I'm starting to look into lossless formats, just as a way of preparing for the future. I use a 64GB iPod Touch (3rd Gen) as my only PMP device to listen to my music on the go (via earbuds or plugged in my car radio; usually the latter). This limits the number of different codecs I can use for my music library (my computer w/ winamp can play pretty much any codec, but it needs to be compatible w/ the ipod), so at first I use to use the standard .mp3 (even before I started using ipods), then switched over to AAC (.m4a) and recently re-ripped everything at a higher bitrate in the same format (300kbps VBR). This of course sounds better than the previous bitrate I was using (half that), but I want to go lossless (eventually). About the only thing that is holding me back is the ipod's disk space. As it stands now, my music library is at 33GB. I don't have quite all of my library on my iTouch, but I'd say somewhere in the neighborhood of 70% of it. Of course, that's not all I have on there (videos & apps too). If I were to re-rip everything to say, Apple Lossless, it would pretty much triple the size of my library. Not a problem for storage on my computer, but definitely a problem for the ipod. So until they double the memory for the iTouch (hopefully next year), I will have to wait.

QUESTIONS:

You pretty much only have 3 choices in lossless when using an ipod: AIFF, WAV or Apple Lossless. WAV has poor ID tag info, so that's out. AIFF is uncompressed but takes up as much space as the CD/WAV does and I would like to save some space, so I'm dropping that one as a possibility as well. Apple Lossless seems to be the only viable option. (I would like to use FLAC, but again, ipods don't play that...unless Apple will change that in the future) Now as I understand it, Apple Lossless (or FLAC for that matter) IS lossless, i.e., none of the audio data is missing, it is just compressed like a zip file which accounts for its smaller size in comparison to AIFF or WAV. When being played it has to be "unzipped" so to speak, either by the software or hardware that is playing it and this (for some players) takes up more processing power/battery life. I know for the ipod classic this is true (since it uses a spinning hard drive and has to buffer to memory), but what about for an iTouch which uses solid state memory? Does playing the Apple Lossless format use up more power than playing a lossy AAC or uncompressed lossless AIFF?

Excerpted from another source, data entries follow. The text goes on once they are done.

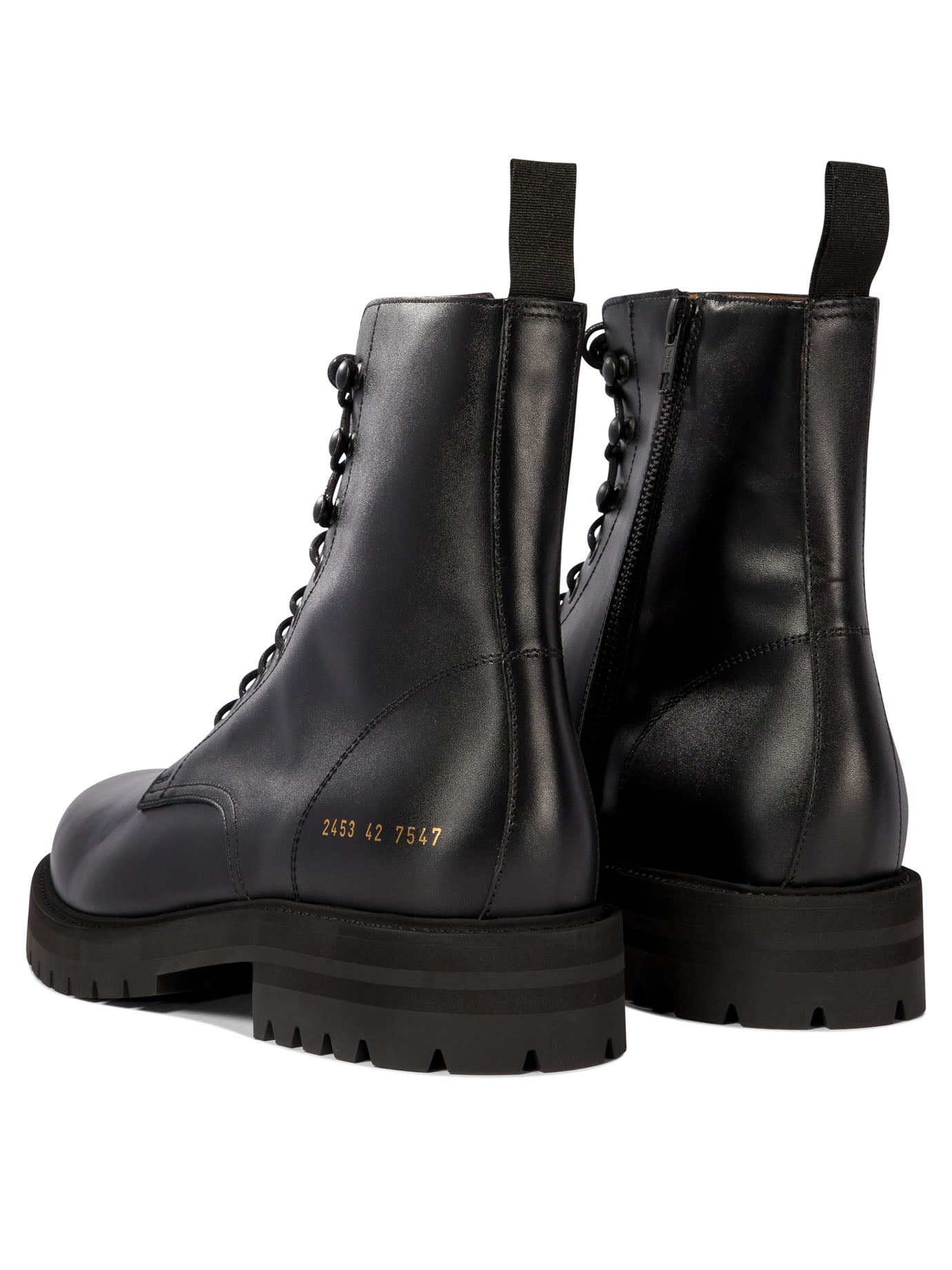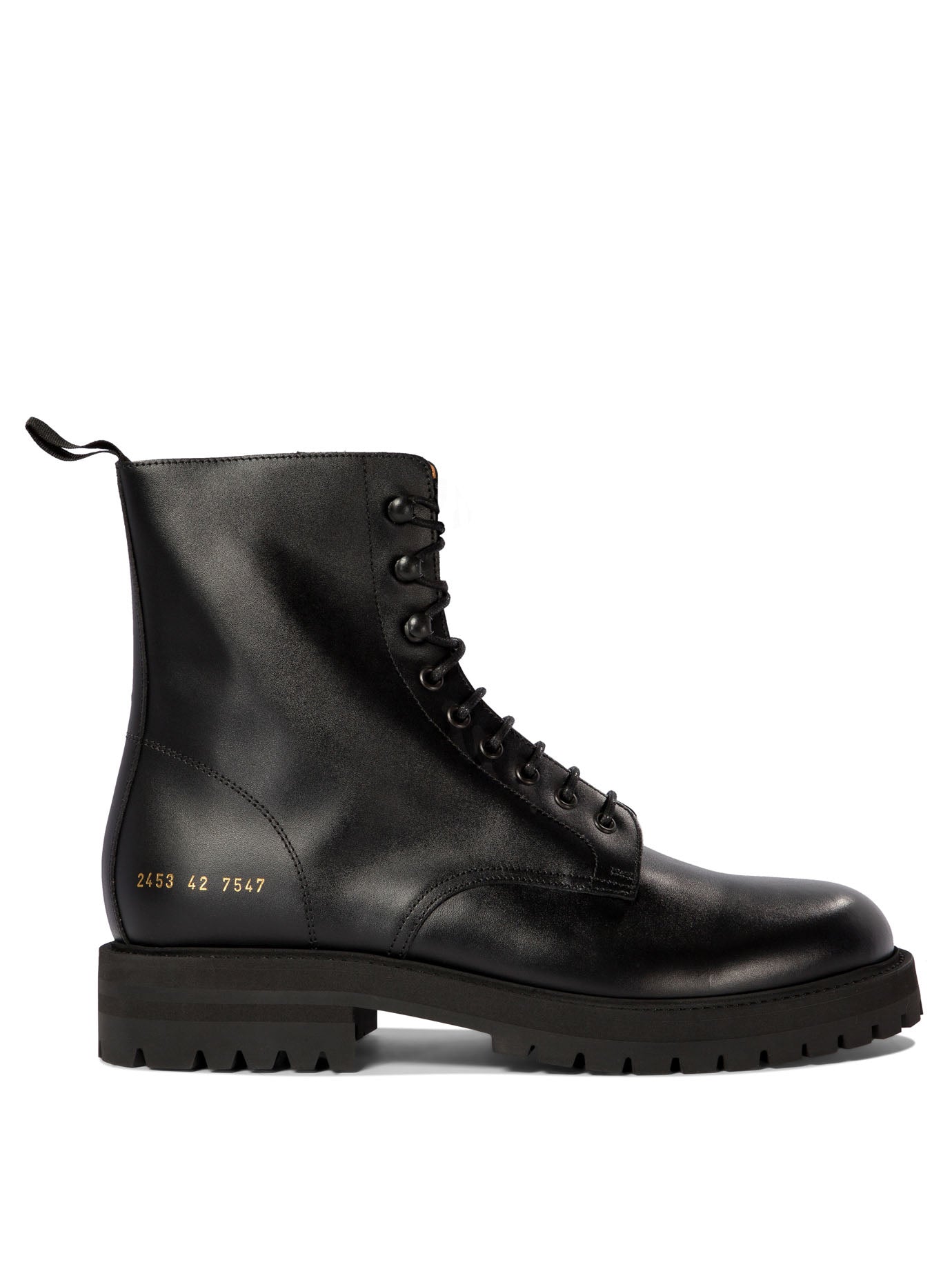 Common Projects' leather amphibians are the epitome of style and functionality for the modern man. Made from high-quality materials, they offer comfort and durability without compromising on refined, minimalist aesthetics. Perfect for those seeking a distinctive and versatile look, these amphibians add a touch of class to any outfit. || - Round toe - Lace-up closure - Gold-tone serial number print on the side - Rear pull-up tab - Two-tone rubber sole || Pair these amphibians with a pair of classic jeans and a leather jacket for a sharp casual look. They can also be worn with chino pants and a turtleneck sweater for a stylish and sophisticated outfit. Perfect for any occasion, from work to leisure.
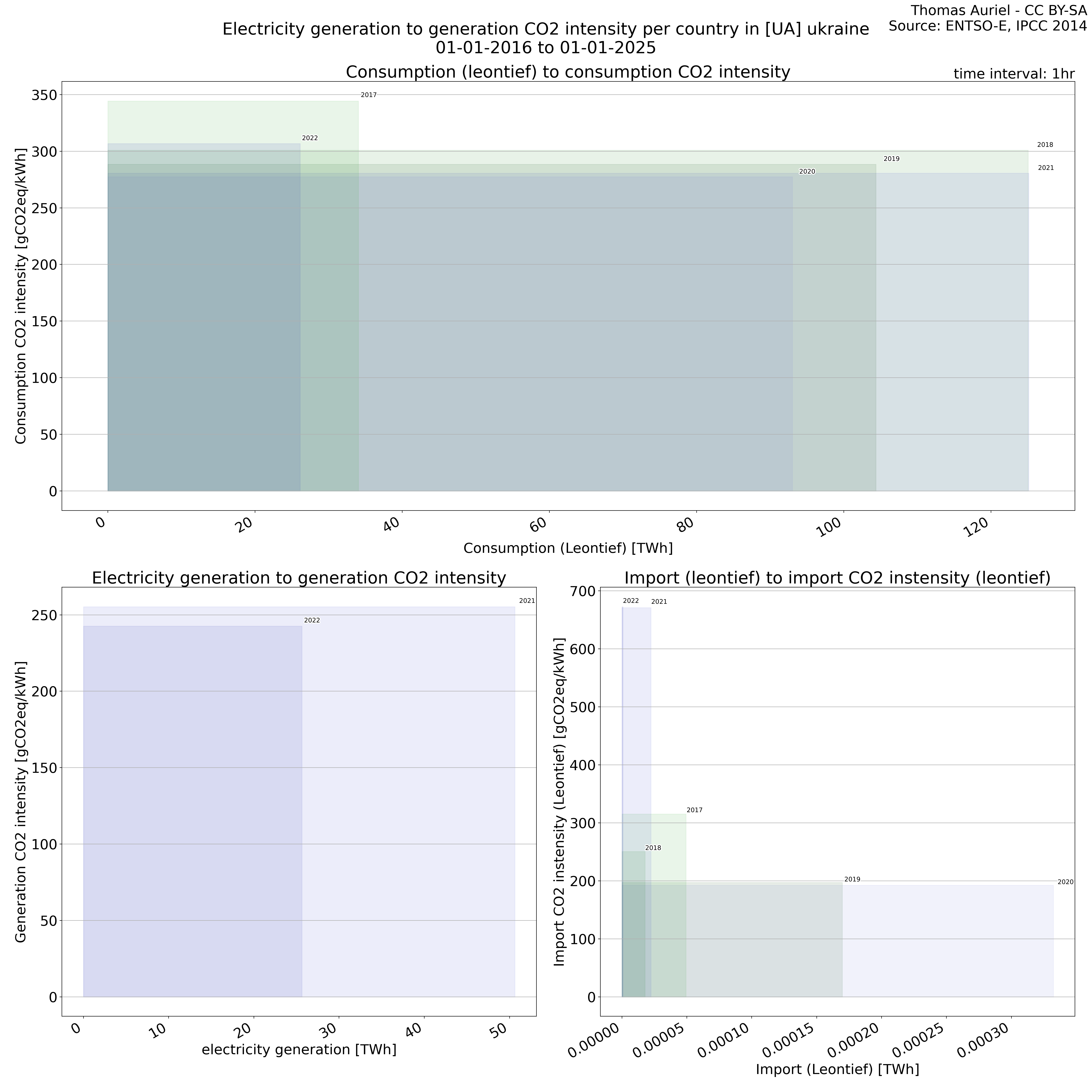 The plot consists of squares, each representing a single year, designed to illustrate electricity-related metrics and their associated environmental impacts. The length of each square corresponds to the total electricity consumption, generation, or imports during the year, with longer squares indicating higher overall values for the respective metric. The height of each square represents the average CO₂ intensity (e.g., grams of CO₂ per kWh) associated with electricity consumption, generation, or imports; hence, taller squares signify greater environmental impact per unit of electricity. Finally, the surface area of each square, determined by the product of its length and height, represents the total CO₂ emissions associated with the respective activity in the given year.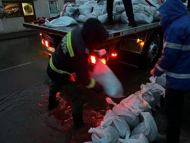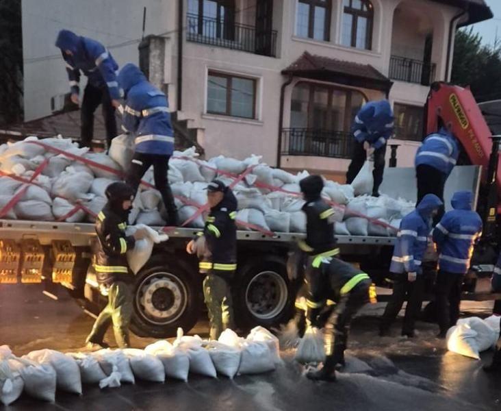 - realizarea unor baraje din saci de nisip, în cooperare cu jandarmii, pentru a bloca scurgerea apei de pe străzile Râsuri și Poporului către strada Izvorului;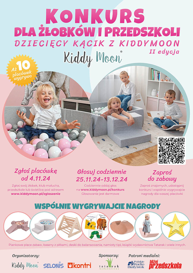 Nasze przedszkole przystąpiło do konkursu „DZIECIĘCY KĄCIK Z KIDDYMOON”. Celem konkursu jest stworzenie kreatywnych i bezpiecznych miejsc zabaw dla najmłodszych w placówkach wychowania przedszkolnego.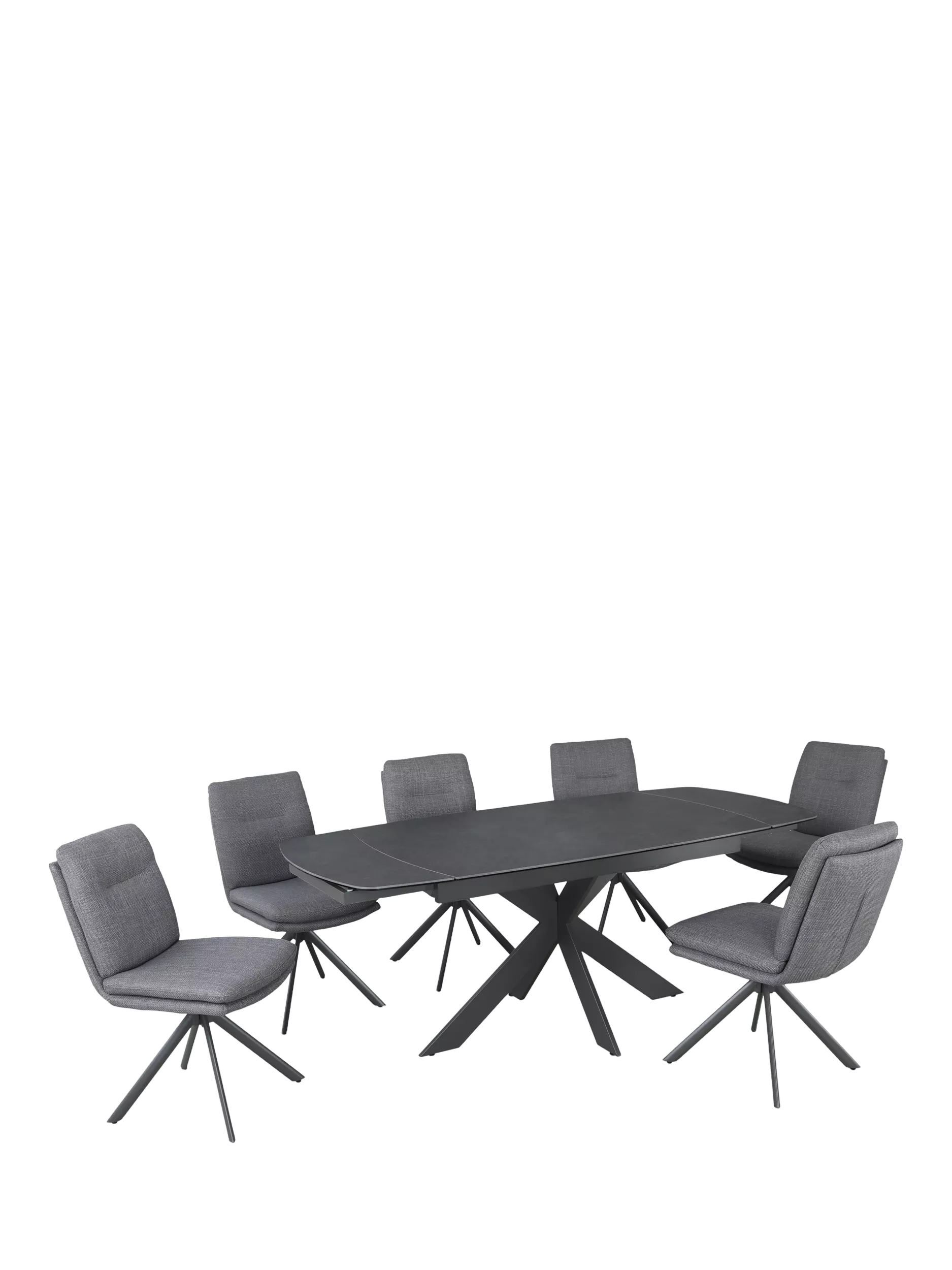 It's paired with six sleek and supportive Joey dining chairs, each featuring a smooth 180-degree swivel, supportive cushioning and a stain-resistant fabric. This set delivers the perfect balance of practical design and contemporary comfort for today’s family homes.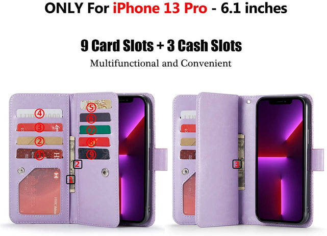 - [Multi-Functional Wallet Design] This wallet case for iPhone 13 Pro Max with 9 card slots (with photo window slot) and 2 long interior cash slot pockets to conveniently hold many cards, cash, money, bills, receipts or some changes when go outside; with a removable short lanyard for more safty carry this wallet case; Definitely a great buy for who likes wallet design phone case

Also, I've read an argument as to the quality of Apple Lossless VS AIFF. Some people state that when Apple Lossless is being read, the uncompressing of the music can cause it to sound flat or something to be lost or delayed in the listening experience of the music? Is there actually something to this or is it a load of BS, people hearing what they want to hear? I can say that I just ripped one of my albums into Apple Lossless and am listening to it right now on my computer (good sound setup on my rig!) and it definitely sounds a bit better to its AAC lossy equivalent.

Another question that I am pondering is ripping music files directly from image files I made of my music CD's. I had an extra portable hard drive that I didn't use, so I decided to backup (most) of my music CD's as disk image files, namely Nero disk images, .nrg. I chose to use .nrg since it leaves only 1 file (not any of that .mds crap) and these can be read by most image mounting software. (At least by any of the ones I use) So I guess my question is, would it be OK (safe) to mount the disc image, rip music files from them and not get any errors or degradation, etc. or should I rip straight from the CD?

P.S.- I use dBpoweramp to rip everything.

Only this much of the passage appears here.